NY woman files transvaginal mesh lawsuit against American Medical Systems
A New York woman has filed a lawsuit against American Medical Systems for severe injuries she alleges were caused by the IntePro Large Pore Polypropylene Y-Sling, a transvaginal mesh device used to correct pelvic organ prolapse (POP) and stress urinary incontinence (SUI).
The case, part of the multidistrict litigation (MDL) against American Medical Systems pending in U.S. District Court in Charleston, West Virginia, states that the plaintiff was implanted with the transvaginal mesh device in September 2008 to correct problems associated with stress urinary incontinence and pelvic organ prolapse. Instead of improving her health, however, the mesh device severely injured the patient, the lawsuit alleges.
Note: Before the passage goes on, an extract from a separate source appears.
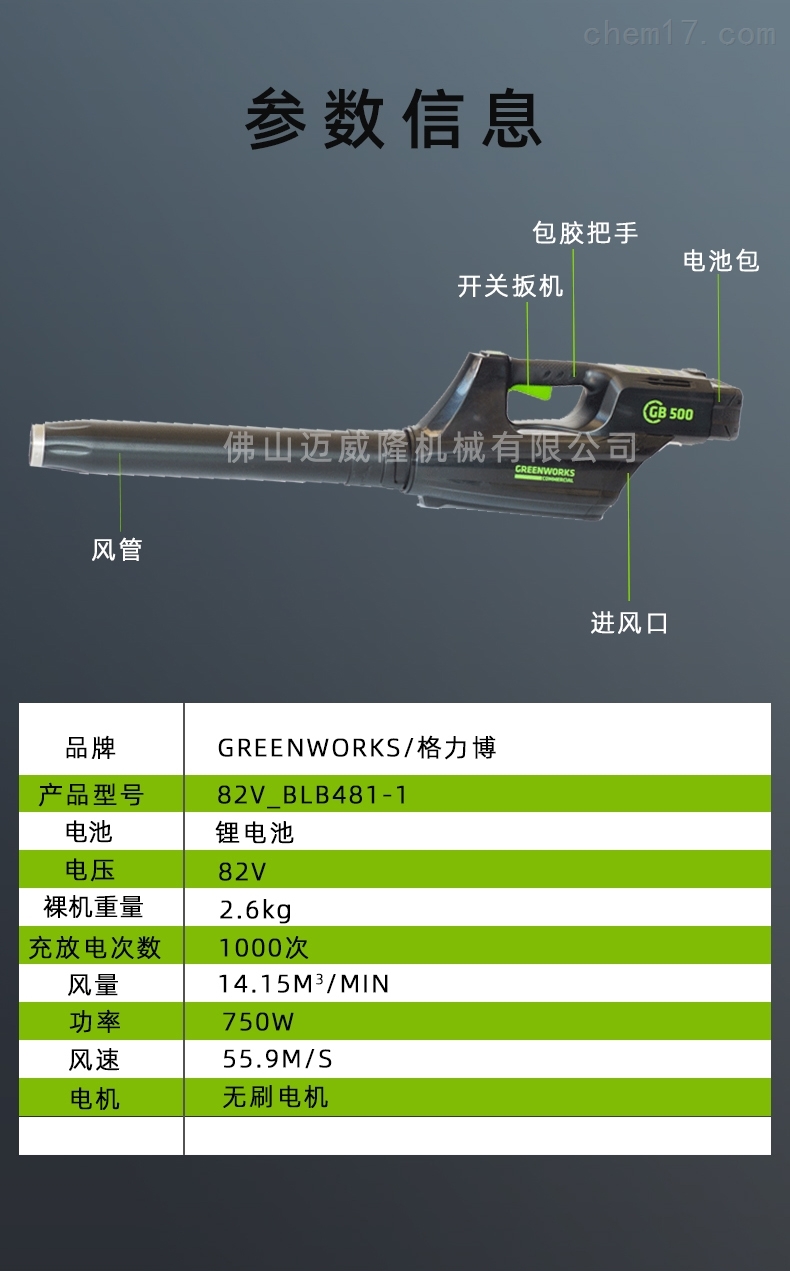 Glebe便攜式吹風(fēng)機(jī)blb481-1鋰吹灰器82v吹雪器森林滅火器產(chǎn)品參數(shù):品牌:greenworks/Glebe產(chǎn)品型號:82v_blb481-1電池:鋰電池電壓:82v裸機(jī)重量:2.6kg充放電次數(shù):1000倍風(fēng)量:14.15m3/min功率:750W風(fēng)速:55.9m/s電機(jī):無刷電機(jī)

According to the plaintiff’s law firm, the plaintiff experienced a number of health consequences as a direct result of the device, including “significant mental and physical pain and suffering, permanent injury, permanent and substantial physical deformity and loss of her bodily organ system.”
Transvaginal mesh has widely replaced more conventional forms of surgery to shore up pelvic organs that have fallen out of place as a result of weakened pelvic muscles, but mounting injury reports and lawsuits indicate the devices may pose more risks than benefits.
Transvaginal mesh that shifts or breaks apart may erode through the vaginal wall, puncture organs, and cause bleeding and infection – all of which are usually accompanied by intense, often debilitating pain. Some women suffering from transvaginal mesh complications also find that mesh erosion makes sexual intercourse too painful and risky for their male partner, thus straining relationships.
Unfortunately, because the mesh is designed to allow body tissue to grow through its tiny holes, removing the device often requires multiple surgeries. For some women who have been told complete removal of their transvaginal mesh is impossible, a lifetime of pain management is the next best option.